うちの娘の話ですが、「人間はむかしサルだった」ということについて異様に興味を抱いた時期がありました。テレビで見たか誰かに聞いたかしたのでしょう。

何度も「なぜ」「どうして」「なんなの」と迫られ、なんとかうまい説明をと思いがんばったものの、娘は首を傾げるばかり。「おとうちゃんも子どもの 時はおさるだったの?」と顔をしかめられたり、テレビに映るサルを指さして「あのおさるは、つぎは誰になるの?」と真顔で聞かれたりするに至り、諦めまし た。

「ごめん、実はおとうちゃんもよくわかってなかった。こんどおさるが人間になるお話の本を買ってくるから、一緒に読もう」と、その場を逃れたのでし た。だいたい生物の進化のことなんて、大人だって“まあなんとなくそういうことなんだろう”と信じているだけで、本当にすべてを理解しようとしたら、膨大 な時間と労力とお金を研究に注ぎこまなければならないはず。そんなことをしていたらその間に娘は大人になってしまう。だから子どもの「なぜ」に答えるのは 絶対不可能。うまい説明も厳密な答えも要らないのだ、と開き直って本を開くのがいちばんではないかと。

 

■ なかなか「おさる」が出てこない

そこで用意したのは、バージニア・リー・バートンの『せいめいのれきし』という本でした。


タイトルどおり生命の歴史が全五幕のお芝居に仕立てられていて、見開き一頁を一場として進化の過程を紹介しています。一場ごとに描かれた挿絵の落ち 着いた色合いがとても素敵で、いしいももこさんの訳文もわかりやすいので、小さな子どもでも集中してくれるかな、と思いこの本を選んだのでした。

「おさるが人間になる本、買ってきたよ」と本を渡すと、娘は大喜び。鮮やかな黄色い表紙に、様々ないきものたちの赤や緑のシルエットがひしめき合っている楽しげな表紙も、彼女の心をぐっと掴んだようでした。


ところが。お話は「考えられないほど大昔」から始まります。プロローグの第一場の舞台は、暗黒の宇宙です。

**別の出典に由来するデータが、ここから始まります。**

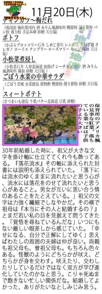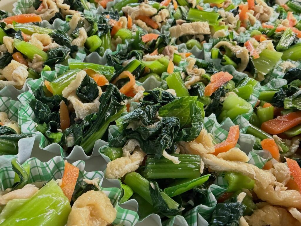 小松菜、人参、油揚げ、シーチキンが入った煮浸しです。優しいほっこりしたお味です。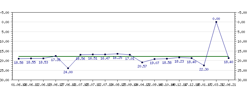 | 01.06.2012 | 18.58 | 06.06.2012 | 18.55 | 12.06.2012 | 18.53 | 19.06.2012 | 17.35 | 27.06.2012 | 24.00 | 01.07.2012 | 16.56 |

「うちゅうってなに?」「最初はなにもなかったんだよ、真暗で」「なんで?」と、まだ地球もできていないのに問答が始まってしまいました。ちょっとまだ難 しかったか、と思いつつも、問答を繰り返しながら読み進んでいくのですが、なかなか娘が見たがっている「おさる」が出てこない。


20頁目くらいで、ようやく三葉虫みたいなやつが登場。


30頁目くらい、恐竜のくだりでちょっと盛り上がりましたが、彼らの絶滅後、小さな哺乳類がちょろちょろし始めたあたりで、気づくと娘の心はもう離れてしまっていたのでした。

 

■ ふしぎでわからない子どもたち

本を開いて子どもといっしょに考える、というと聴こえはいいけれど、やってみると難しいものです。この本のほかに、『エボリューション』という分厚 い図鑑もいっしょに読んだのですが、やはり魚がたくさん描いてある海の絵や、恐竜たちが闘っている絵などを喜ぶのがせいぜいで、結局、進化について考える ところまでは辿り着けずじまいでした。

とにかく、それはそれは気のとおくなる話なのだということはどうやら伝わったようです。目的とはすこしずれてしまったものの、この二冊の本を、娘は 単にたくさんの動物や魚や植物が登場する本として、その後も楽しく読んでいました。ところがそうかと思うと、教えてからだいぶ経っているのにとつぜん「化 石」の話題を持ち出してきたりもして、子どもというのはなんとも侮れないものです。がんばります、がんばりましょう。